We have the equation of the curve as y = x^3 - 2x^2 + 5
To find the slope or the gradient of the tangent drawn at any point on this curve, we need to find the differential.
y’ = 3x^2 – 4x
For the point (2, 5), y’ = 3*2^2 – 4*2 = 12 – 8 = 4.
To find the slope of the normal we use the relation that the product of the slopes of two perpendicular lines is given as -1.
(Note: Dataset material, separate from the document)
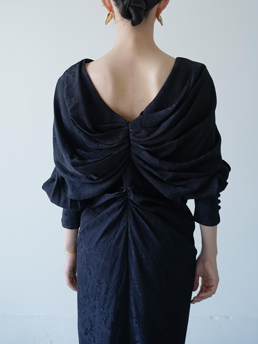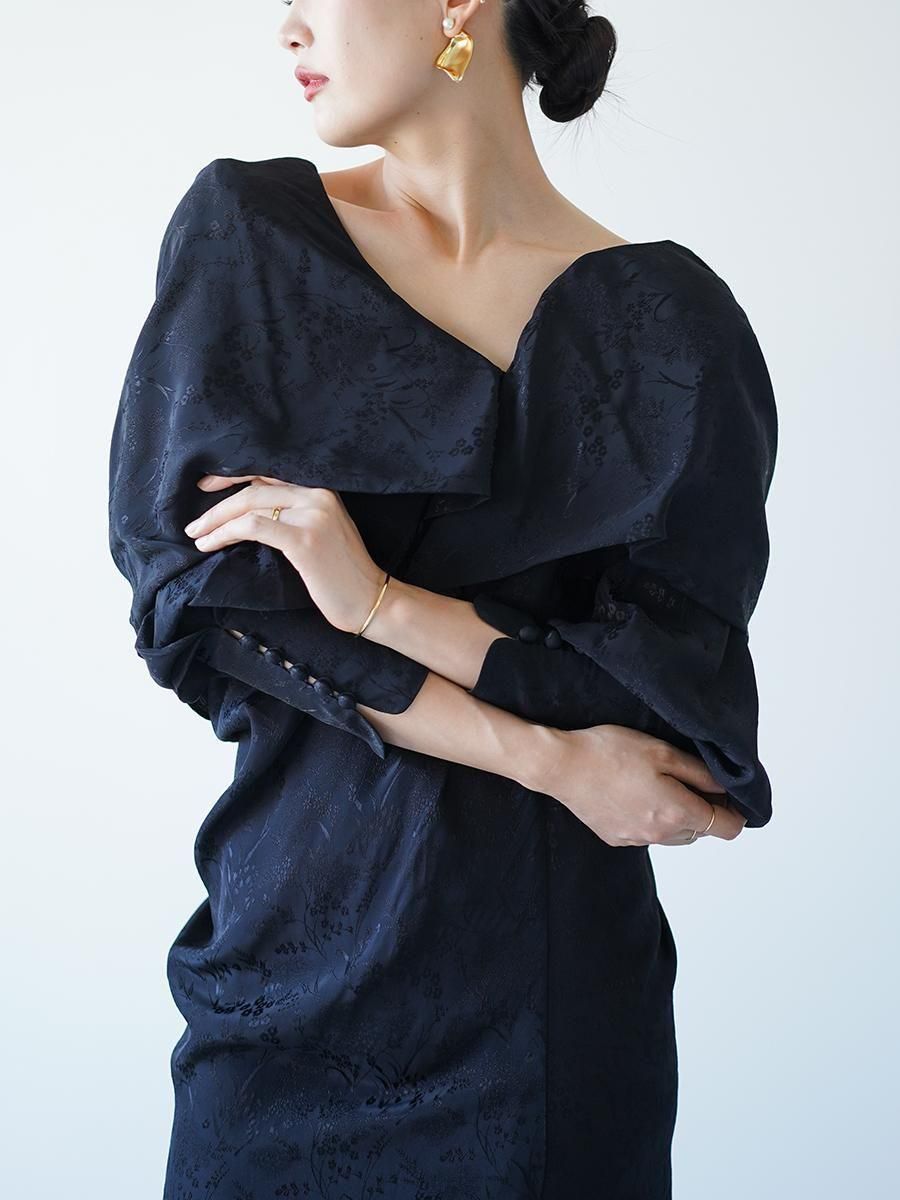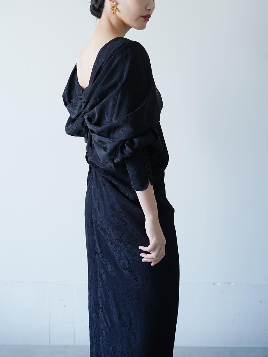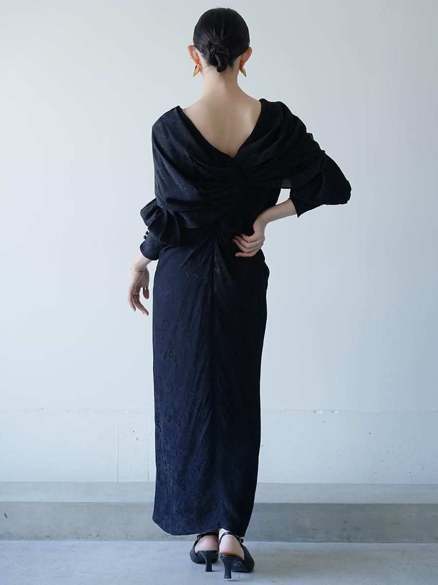 レーヨンを使用することで、肌触りの良さや鮮やかな発色、上品な光沢感を獲得し、細やかな野草柄の陰影が動くたびに見え隠れする。程よい落ち感が美しいドレスは、デコルテのカーブするラインからウエストにかけて身体に沿うように流れるドレープが美しく、バックスタイルはより華やかで贅沢なドレープがあしらわれる。細やかなディテールが随所に散りばめられた特別な1着。

Therefore the slope of the normal is -1 / 4
The gradient of the normal to the curve y = x^3 - 2x^2 + 5 at the point (2, 5) is -1/4
The gradient to the of the normal to any curve f(x) is -1/m where m is the gadient of the tangent to the curve .
m is given by:
m = f'(x).
Therefore m = f'(x) = (x^3-2x^2+5)'
f'(x) = (x^3)'-(2x^2)' + (5)'
f'(x) = 3x^2-4x +0
Therefore the gradient of the tangent m at (x=2) = f'(2) = (3*2^2-4*2 = 12 - 8 = 4.
Therefore the gradient of the normal = -1/m (at x=2) = -1/4.
Therefore the gradient of the normal to the given curve f(x) = x^3-2x^2+5 is -1/4.